» DIRECTIONS FOR THIS TASK: Below are records with pictures; copy word for word only the lines between the line with "अनुकूलित अपने परिवार, दोस्तों, प्रेमियों, स्वयं" and the line with "serve customers. |", inclusive, and drop the pictures.

» DATA FOR ANALYSIS:
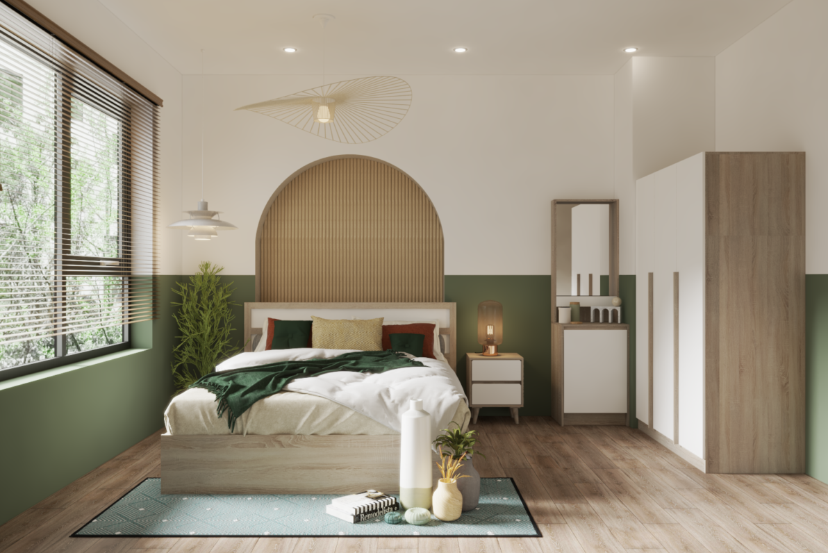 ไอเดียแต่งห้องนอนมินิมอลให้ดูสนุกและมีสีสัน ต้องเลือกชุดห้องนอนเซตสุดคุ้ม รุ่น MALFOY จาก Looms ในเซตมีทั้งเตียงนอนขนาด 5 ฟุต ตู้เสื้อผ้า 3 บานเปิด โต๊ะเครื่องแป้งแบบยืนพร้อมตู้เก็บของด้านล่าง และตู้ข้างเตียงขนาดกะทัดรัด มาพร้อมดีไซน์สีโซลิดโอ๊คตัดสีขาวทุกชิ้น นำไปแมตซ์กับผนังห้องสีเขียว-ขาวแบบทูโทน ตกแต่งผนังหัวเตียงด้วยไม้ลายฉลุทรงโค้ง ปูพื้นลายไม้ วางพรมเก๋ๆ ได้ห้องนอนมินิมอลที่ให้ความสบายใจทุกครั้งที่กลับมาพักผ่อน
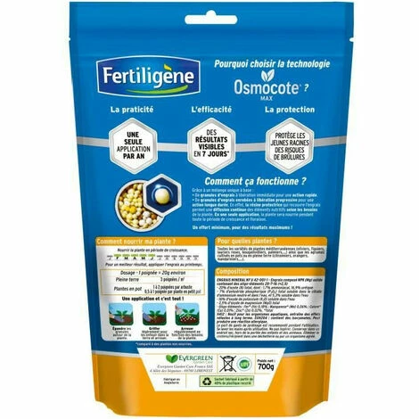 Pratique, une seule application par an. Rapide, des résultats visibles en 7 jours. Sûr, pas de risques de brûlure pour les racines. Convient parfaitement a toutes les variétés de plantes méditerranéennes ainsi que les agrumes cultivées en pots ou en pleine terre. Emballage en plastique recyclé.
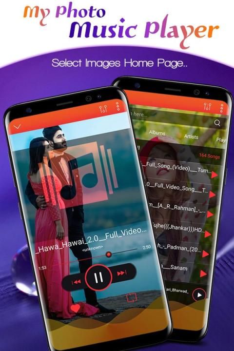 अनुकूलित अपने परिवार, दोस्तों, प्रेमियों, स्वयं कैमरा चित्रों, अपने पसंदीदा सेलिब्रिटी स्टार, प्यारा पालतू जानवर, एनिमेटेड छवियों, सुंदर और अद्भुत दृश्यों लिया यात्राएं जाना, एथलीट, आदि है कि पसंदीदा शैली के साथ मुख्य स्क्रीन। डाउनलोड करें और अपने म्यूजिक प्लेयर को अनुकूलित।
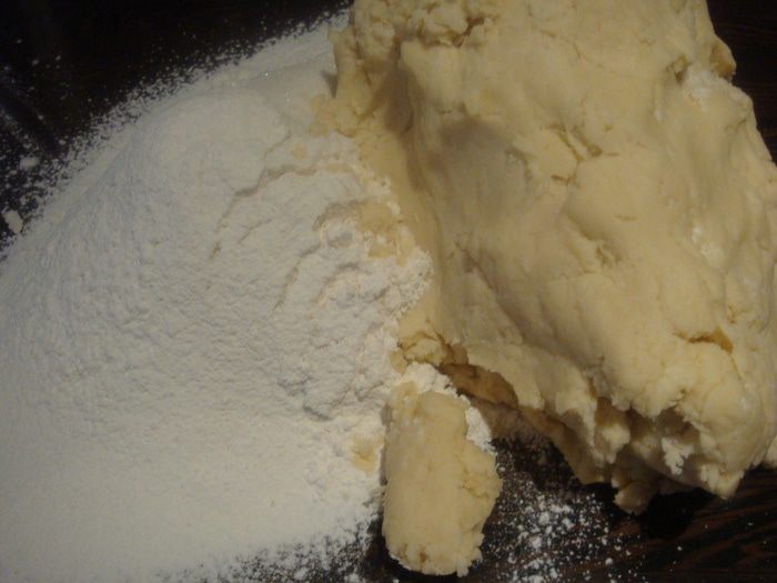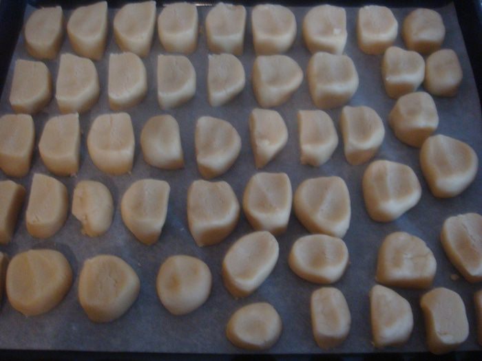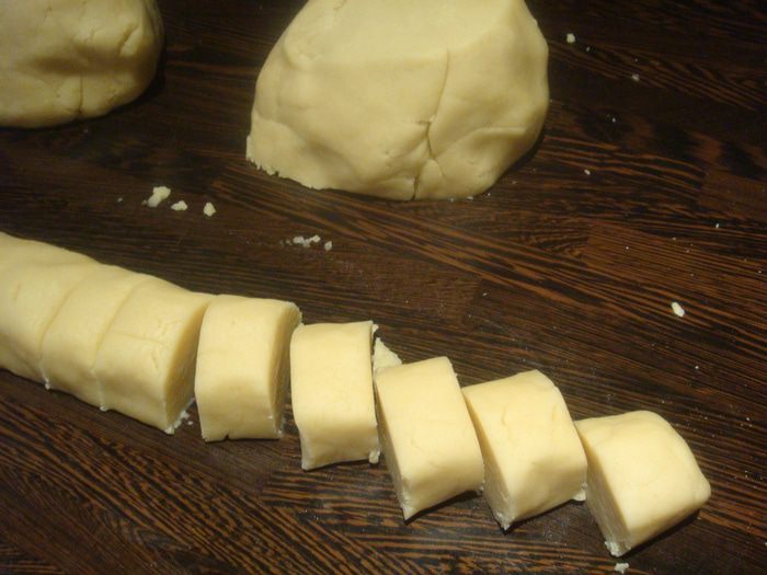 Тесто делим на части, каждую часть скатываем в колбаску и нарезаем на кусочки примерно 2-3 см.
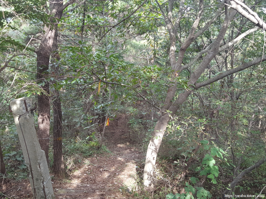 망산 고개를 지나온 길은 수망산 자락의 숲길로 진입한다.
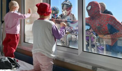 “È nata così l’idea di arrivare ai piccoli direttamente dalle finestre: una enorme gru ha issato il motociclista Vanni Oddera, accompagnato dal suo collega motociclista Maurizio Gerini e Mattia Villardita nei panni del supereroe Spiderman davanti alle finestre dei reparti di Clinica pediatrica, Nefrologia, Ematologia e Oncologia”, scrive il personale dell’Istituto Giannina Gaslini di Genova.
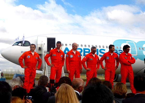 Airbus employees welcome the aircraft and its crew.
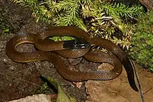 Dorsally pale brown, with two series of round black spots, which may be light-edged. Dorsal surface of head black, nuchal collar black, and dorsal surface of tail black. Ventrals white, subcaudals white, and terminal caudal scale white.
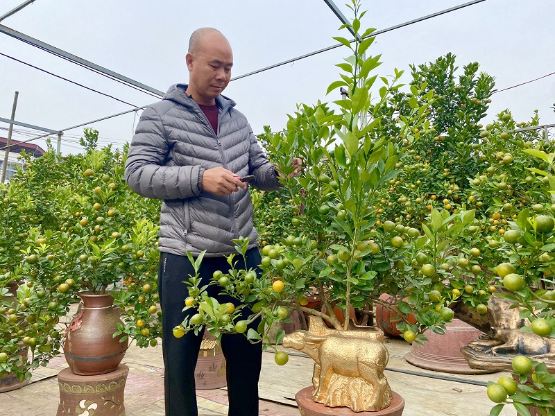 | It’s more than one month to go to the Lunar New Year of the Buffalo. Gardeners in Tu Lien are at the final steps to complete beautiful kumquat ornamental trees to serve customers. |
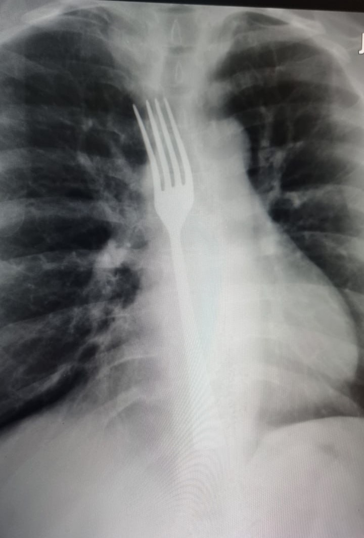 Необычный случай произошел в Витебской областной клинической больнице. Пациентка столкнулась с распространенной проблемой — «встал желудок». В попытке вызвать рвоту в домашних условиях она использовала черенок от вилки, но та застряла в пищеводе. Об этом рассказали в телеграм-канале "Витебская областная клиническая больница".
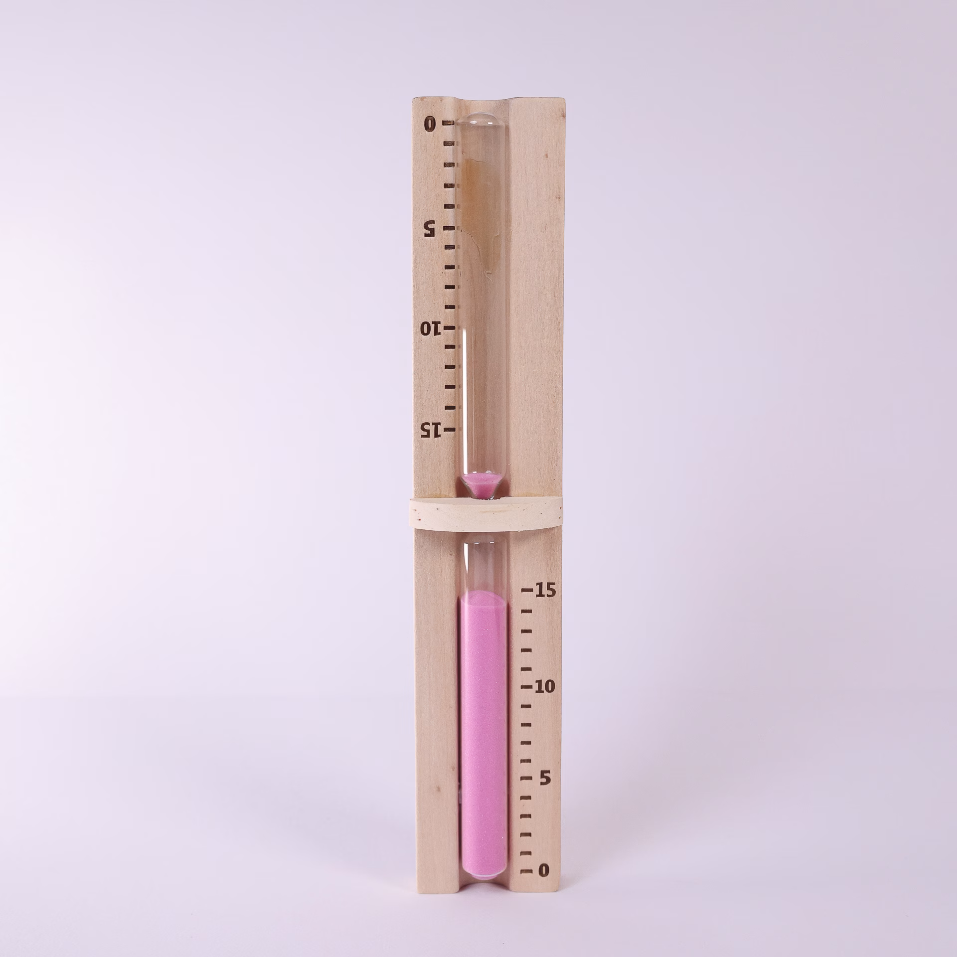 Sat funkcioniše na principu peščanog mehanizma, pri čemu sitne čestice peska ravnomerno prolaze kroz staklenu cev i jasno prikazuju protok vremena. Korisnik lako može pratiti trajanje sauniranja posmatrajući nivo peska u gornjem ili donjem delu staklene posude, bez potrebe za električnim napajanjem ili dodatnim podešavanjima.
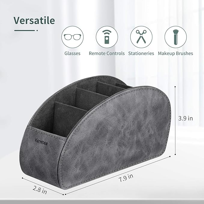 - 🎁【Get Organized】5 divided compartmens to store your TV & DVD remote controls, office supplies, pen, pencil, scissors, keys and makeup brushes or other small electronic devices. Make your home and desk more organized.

» SOLUTION FOR THIS EXERCISE:
 अनुकूलित अपने परिवार, दोस्तों, प्रेमियों, स्वयं कैमरा चित्रों, अपने पसंदीदा सेलिब्रिटी स्टार, प्यारा पालतू जानवर, एनिमेटेड छवियों, सुंदर और अद्भुत दृश्यों लिया यात्राएं जाना, एथलीट, आदि है कि पसंदीदा शैली के साथ मुख्य स्क्रीन। डाउनलोड करें और अपने म्यूजिक प्लेयर को अनुकूलित।
 Тесто делим на части, каждую часть скатываем в колбаску и нарезаем на кусочки примерно 2-3 см.
 망산 고개를 지나온 길은 수망산 자락의 숲길로 진입한다.
 “È nata così l’idea di arrivare ai piccoli direttamente dalle finestre: una enorme gru ha issato il motociclista Vanni Oddera, accompagnato dal suo collega motociclista Maurizio Gerini e Mattia Villardita nei panni del supereroe Spiderman davanti alle finestre dei reparti di Clinica pediatrica, Nefrologia, Ematologia e Oncologia”, scrive il personale dell’Istituto Giannina Gaslini di Genova.
 Airbus employees welcome the aircraft and its crew.
 Dorsally pale brown, with two series of round black spots, which may be light-edged. Dorsal surface of head black, nuchal collar black, and dorsal surface of tail black. Ventrals white, subcaudals white, and terminal caudal scale white.
 | It’s more than one month to go to the Lunar New Year of the Buffalo. Gardeners in Tu Lien are at the final steps to complete beautiful kumquat ornamental trees to serve customers. |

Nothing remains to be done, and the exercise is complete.